*** Opening Record excerpts ***

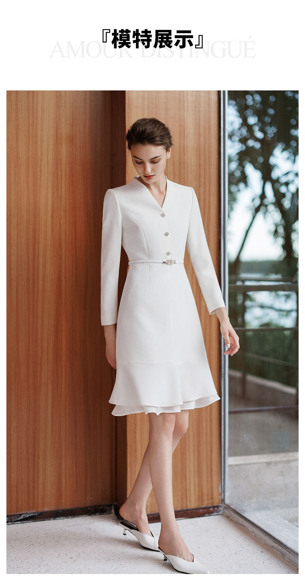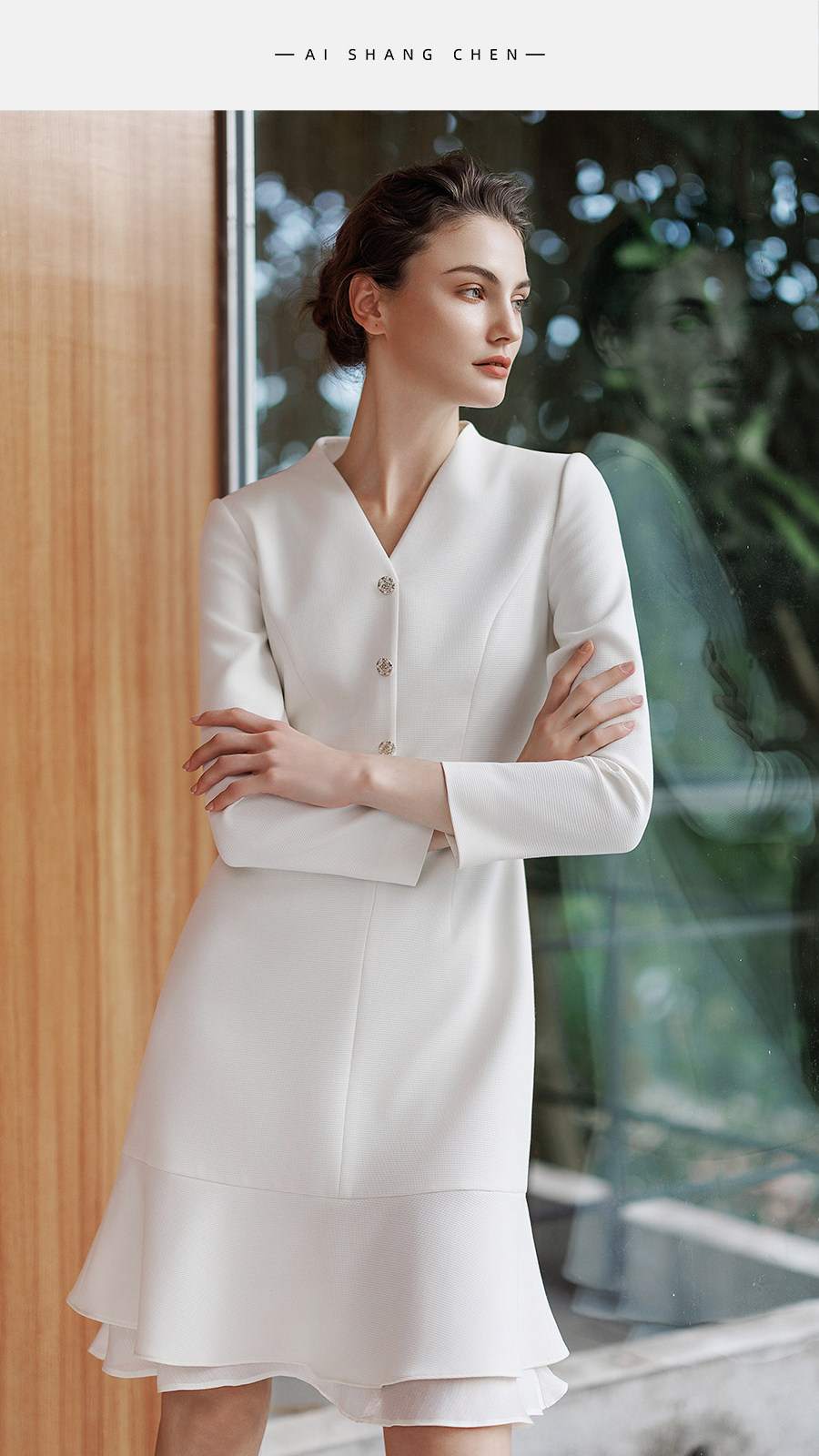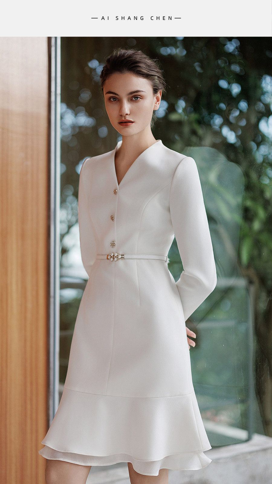 艾尚臣轻奢优雅风白色连衣裙女V领荷叶边气质裙高级感知性连身裙
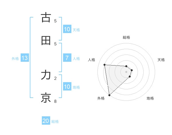古田 力京さんの外格は13画の5点!
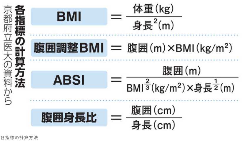 体の丸み指数(body roundness index)の計算式は、BRI = 364.2 – 365.5 × √{1 – (腹囲 / (2π))² / (0.5 × 身長)²} と非常に複雑です。この式は、身長、腹囲、そしてBMIのように体組成全体を楕円で近似し、そこから算出される離心率(体の丸みを示す指標)に基づいているそうですが、あまりにややこしいので、「腹囲が身長の約半分に達するとCVD発症リスクが上昇する」という簡単な結論になったのでしょう。
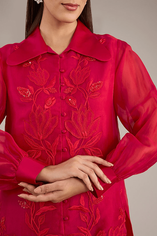 Featuring a red shirt in organza base with embroidery. Accentuate it with pants, statement earrings and heels for a complete look.
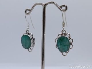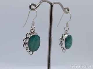 Elegantes pendientes de plata con piedras de esmeralda. ref. 628478519 - MEDIDAS: 43 MM DE ALTO - Diseño con forma ovalada. - Cierre de anzuelo.
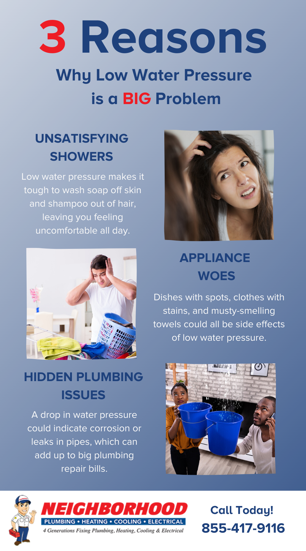 Your friends at Neighborhood are here to tell you, that’s not the case! You don’t have to live with subpar water pressure, and in fact, ignoring a sudden change in your water flow could create even more trouble for you over time. Check out this infographic to see why:
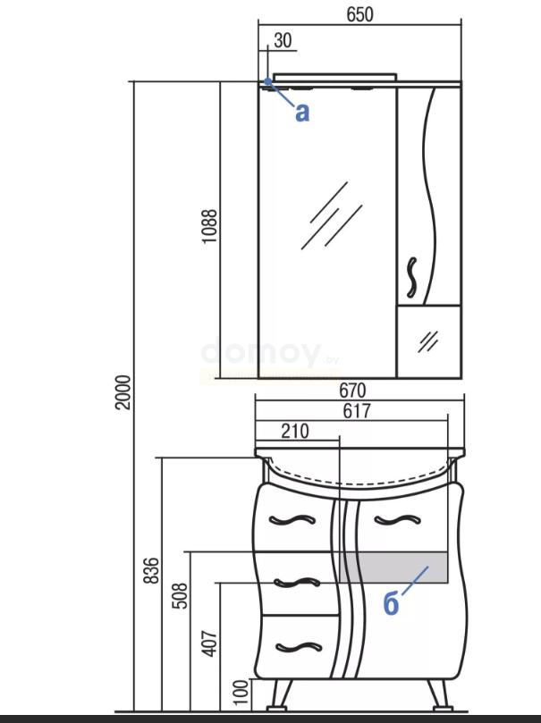 Дополнительно комплектуется: умывальник Аквамель 67 1WH110213.
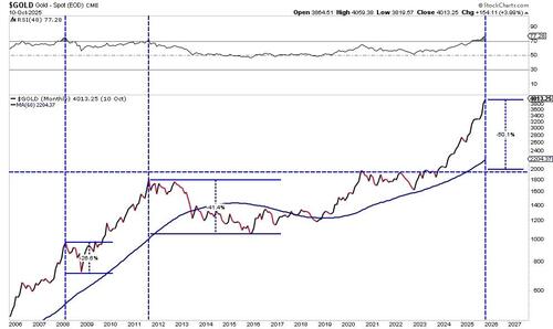 In Gold, a 30 to 50% correction would be well within historical norms of corrections that followed more extreme overbought conditions driven by speculative fervor.

*** Closing Record excerpts ***

I would like an exact copy of the lines from the one holding "Your friends at" through the last line of the entries above, with the pictures left out.

- [Response]
 Your friends at Neighborhood are here to tell you, that’s not the case! You don’t have to live with subpar water pressure, and in fact, ignoring a sudden change in your water flow could create even more trouble for you over time. Check out this infographic to see why:
 Дополнительно комплектуется: умывальник Аквамель 67 1WH110213.
 In Gold, a 30 to 50% correction would be well within historical norms of corrections that followed more extreme overbought conditions driven by speculative fervor.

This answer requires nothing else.